A production-structured analytics system
Notebook-driven, but artifact- and script-backed
Explicit about scope, limits, and non-claims
Designed to be auditable and reproducible
Focused on analytical correctness over visual impressiveness

❌ This project is not

A dashboard
A Kaggle-style notebook
A predictive or causal model
A country ranking or governance score
A policy recommendation engine

🧱 High-Level Architecture

Raw Data Sources
      ↓
Domain-Specific Ingestion (src/ingestion)
      ↓
Cleaning & Validation (src/preprocessing)
      ↓
Domain Index Construction
      ↓
Immutable CSV Artifacts (datasets/processed)
      ↓
System-Level Synthesis (Notebook 05)
      ↓
Regimes · Inequality · Typologies

Core principle:

Each domain must be analytically correct in isolation before synthesis is allowed.

📂 Repository Structure (Why It’s Organized This Way)

datasets/
├── raw/        # Source-of-truth datasets (never mutated)
└── processed/  # Frozen analytical artifacts (versioned outputs)

notebooks/
├── 00_*        # Context, assumptions, and scope
├── 01–04_*     # Independent domain analyses
└── 05_*        # System-level synthesis only

src/
├── ingestion/      # Source-aware data loaders
├── preprocessing/ # Cleaning & index construction logic
├── features/      # Shared feature logic
└── utils/          # Configs, logging, path management

This mirrors how real analytics systems are built:

ingestion ≠ cleaning ≠ analysis
notebooks consume artifacts, they don’t silently create them

🛠️ Tech Stack Used

This project uses a deliberately pragmatic stack, chosen for correctness, reproducibility, and analytical transparency rather than novelty.

Languages

Python — primary language for data ingestion, preprocessing, and analysis

Data Analysis & Scientific Computing

Pandas — tabular data processing and aggregation
NumPy — numerical operations and normalization
Jupyter Notebook — exploratory analysis with reproducible artifacts

Statistics & Analytical Methods

Exploratory Data Analysis (EDA)
Distribution analysis & skewness
Inequality metrics (Gini coefficient, concentration ratios)
Descriptive correlation analysis (non-causal, guarded)

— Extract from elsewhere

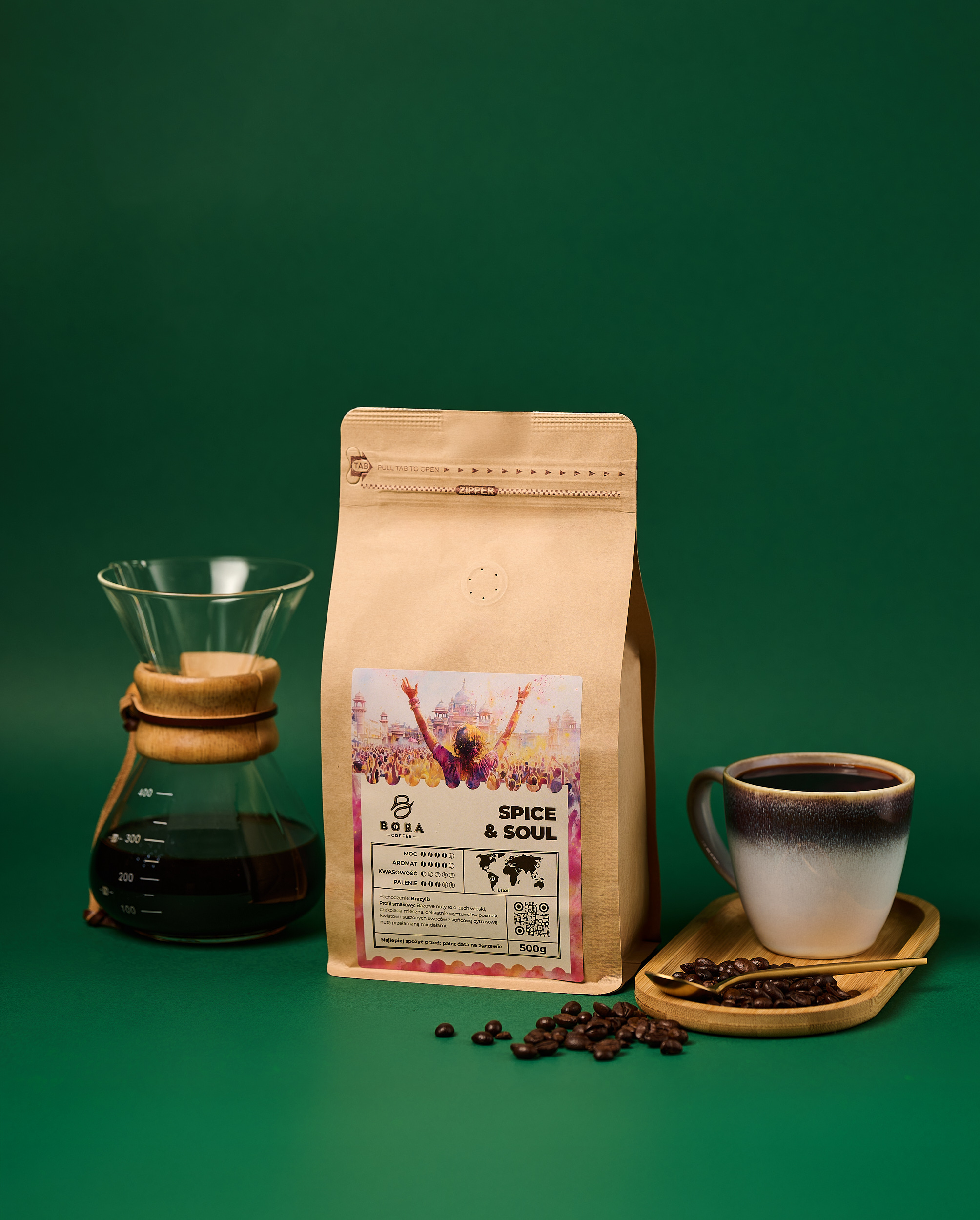Spice & Soul mieszanka o pełnym body, intensywnej głębi smaku i niskiej kwasowości. Dzięki dominacji robusty Brasil Conilon kawa zyskuje wyrazistą goryczkę, nuty kakaowe oraz delikatne akcenty przypraw korzennych. Kawy Arabica Brasil Cerrado i Santos równoważą profil, dodając łagodnej słodyczy, nut orzechowych oraz subtelnych akcentów mlecznej czekolady.

Data Engineering & Workflow Design

Modular preprocessing scripts (Python modules, not notebook-only logic)
Source-aware ingestion loaders
Explicit schema and grain validation
Immutable dataset artifacts (CSV)

Configuration & Reproducibility

YAML — centralized configuration for paths and parameters
Environment isolation (.env, .env.example)
Deterministic processing (no hidden state)

Version Control & Engineering Practices

Git & GitHub — versioned data artifacts and code
Structured repository layout (EDA + MLOps style)
Clear analytical phase boundaries

🔍 Why This Stack

The stack was chosen to reflect how real analytics systems are built and reviewed: transparent, auditable, and resistant to misuse.

There are no unnecessary frameworks, no black-box modeling, and no forced ML — by design.

📊 Analytical Domains

Each domain is treated as an independent analytical lens, with its own scope and constraints.

🌍 Environmental Stress

Data: OpenAQ (air quality)
Output: Environment Stress Index
Scope: India-focused

🏥 Health Burden

Data: WHO GHE (DALYs)
Output: Health Burden Index
Scope: India (sparse reporting years)

🌐 Digital Divide

Data: World Bank digital & economic indicators
Output: Digital Divide Index
Scope: Global, multi-year

⚠️ Risk Exposure

Data: EM-DAT, UNODC, WHO
Output: Risk Exposure Index
Scope: Global, single-year snapshot

🧠 System-Level Synthesis (Notebook 05)

A key result of this project is proving what cannot be done.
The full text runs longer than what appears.